A Cushman & Wakefield report found that of the 10 cities with the most economic momentum, five are in Florida, making the state ripe for opportunity zone deals. Some investors haven't waited for new rules to jump in. On April 8, European property investor Round Hill Capital announced a joint venture with Fort Lauderdale-based Affiliated Development to develop a multifamily portfolio in South Florida with a focus on workforce housing. RBH Group is planning to develop housing for teachers on its newly acquired site on Biscayne Boulevard in Miami. 

Because program rules require that money go into funds this year to obtain maximum benefit, and that opportunity zone projects must be up and running within certain time frames from accepting the fund money, capital has been drawn to shovel-ready projects. 

Boca Raton-based PEBB Capital, a private equity firm that has $1B invested in multiple asset classes, is in the process of securing opportunity zone deals around the country totaling $250M, with some sites under contract.

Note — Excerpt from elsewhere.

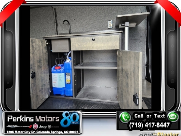 Factory MSRP: $53,385 Bright Silver Metallic Clearcoat 2023 Ram ProMaster 1500 FWD 9-Speed 948TE Automatic 3.6L V6 24V VVT<br>Aerie Camper Van Kit.<br>Check us out at www.perkinsmotors.com to see our specials! Since opening our doors in 1944, we’ve been proud to serve Colorado Springs, CO, and the surrounding areas of Pueblo, Castle Rock and Denver, CO. Throughout this time of being family owned for 80 years, we’ve maintained a firm commitment to our customers: to offer a wide selection of New Chrysler, Dodge, Fiat, Jeep, and Ram vehicles and quality pre-owned vehicles, and provide a quick, no-hassle car-buying process that ensures everyone drives off the lot satisfied with their purchase.<br><br>Driver Convenience Group (A) (DISC) (Blind Spot & Cross Path Detection, Front Fog Lamps, Power Folding/Heated Mirrors, Remote Start System, and Surround View Camera System), Premium Convenience Group (B) (Auto High Beam Headlamp Control, Automatic Headlamps, Cluster 7.0 TFT Color Display, Global Telematics Box Module (TBM), Radio: Uconnect 5 Nav w/10.1 Display, Rain Sensitive Windshield Wipers, Traffic Sign Information, and Wireless Charging Pad), Quick Order Package 22A, 12V Rear Auxiliary Power Outlet, 220 Amp Alternator, 4 Speakers, 4-Wheel Disc Brakes, 4.08 Axle Ratio, 6-Way Manual Adjust Driver Seat, 6-Way Manual Adjust Front Passenger Seat, ABS brakes, Air Conditioning, AM/FM radio: SiriusXM, Apple CarPlay/Android Auto, Black/Gray Seats, Bodyside moldings, Brake assist, Center Wheel Cap, Class IV Receiver Hitch, Cloth Bucket Seats, Deep Tint Sunscreen Glass, Driver door bin, Driver Seat Armrest, Driver Swivel Seat, Driver's Seat Mounted Armrest, Electronic Stability Control, Front anti-roll bar, Front Bucket Seats, Front License Plate Bracket, Front reading lights, Front wheel independent suspension, Illuminated entry, Low tire pressure warning, Manual 2-Way Driver Lumbar Adjust, Manual 2-Way Passenger Lumbar Adjust, Manual Folding Exterior Mirrors, Manufacturer's Statement of Origin, Medium Duty Suspension, Outside temperature display, Overhead airbag, ParkView Rear Back-Up Camera, Passenger Bucket Seat, Passenger door bin, Passenger Seat Armrest, Passenger Sliding Door w/Window (Polycarb), Passenger Swivel Seat, Power steering, Power windows, Radio: Uconnect 5 w/7 Display, Rear Hinged Doors w/Fixed Glass, Rear View Day/Night Mirror, Rear Window Defroster, Remote keyless entry, Speed Control, Steering wheel mounted audio controls, Tachometer, Telescoping steering wheel, Traction control, Trip computer, Turn signal indicator mirrors, Variably intermittent wipers, and Wheels: 16 x 6.0 Steel. Price includes $25,995 in dealer added accessories.

PEBB Capital principal James Jago outlined some of the things he is looking for with the new regulations. 

"The regulations say you have to exit at the entity/fund level, which means if you have multiple assets in one fund, you have to sell them all together, which may not be the best execution for the assets. For example, if you have a hotel and an apartment building in one [fund], you might be best suited to sell the hotel at one point to a hotel buyer and the apartment building at a different point to an apartment buyer."

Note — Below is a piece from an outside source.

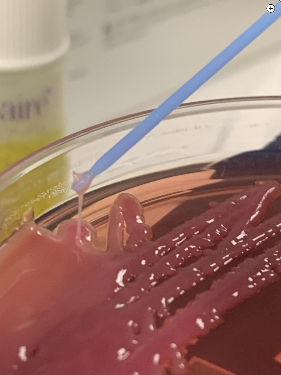 On review of culture data from the debridement and drain placement 1 day ago, you note many lactose-fermenting gram-negative rods, and the microbiology laboratory reported that the agar plate is unusually “sticky” (Figure 2).

The new rules may or may not allow for that. 

Jago said there are also questions around the recycling of distributed capital — whether investors can redeploy cash distributed from one fund into another without recognizing the gain, for example.

"If profits can be redeployed into other qualified opportunity zone developments, then investors won’t need to hold the asset for 10 years, which will greatly increase the attractiveness of the program to a wider range of developers," Jago wrote.

He is also looking at whether there will be adjustments made to time frames in the program rules. Jago said developers could do everything within their power to meet certain deadlines, yet run into what he called "foot faults" (to borrow a tennis term, meaning to mess up on a technicality). Delays in zoning changes or permitting may not be the developers' fault but could cause them to miss timing thresholds and in turn nullify the benefits of the QOZ program, "which is a scary prospect," Jago said. 

Undeveloped land is another outstanding question.

"Developers want to know how raw land will be treated and how to ensure that they know how much money they need to invest in the land to meet the tests. Some developers may want to invest as little as possible today to meet the test, then wait for land to appreciate and borrow loan dollars in the future to fund a future development. On the value allocation side, investors in existing assets want to allocate as much as possible to the land so that they can do as light of a renovation as possible to meet the substantial improvement test."

Depreciation recapture is another concern for investors, as it impacts the tax they would pay on the back end when they sell the property. 

Bernstein said that on top of the rules this spring, more guidance is expected in the fall that will stem potential for abuse in the program. 

"I expect that anti-abuse language to specifically address 'promote' interests for developers," Bernstein said, referring to the extra share of profit that a sponsor is due after certain return thresholds for a partnership are met. Rules could specify how the promote interest is calculated and taxed. 

If all that is not enough to think about, Novogradac has a list of 20 considerations around the new regulations.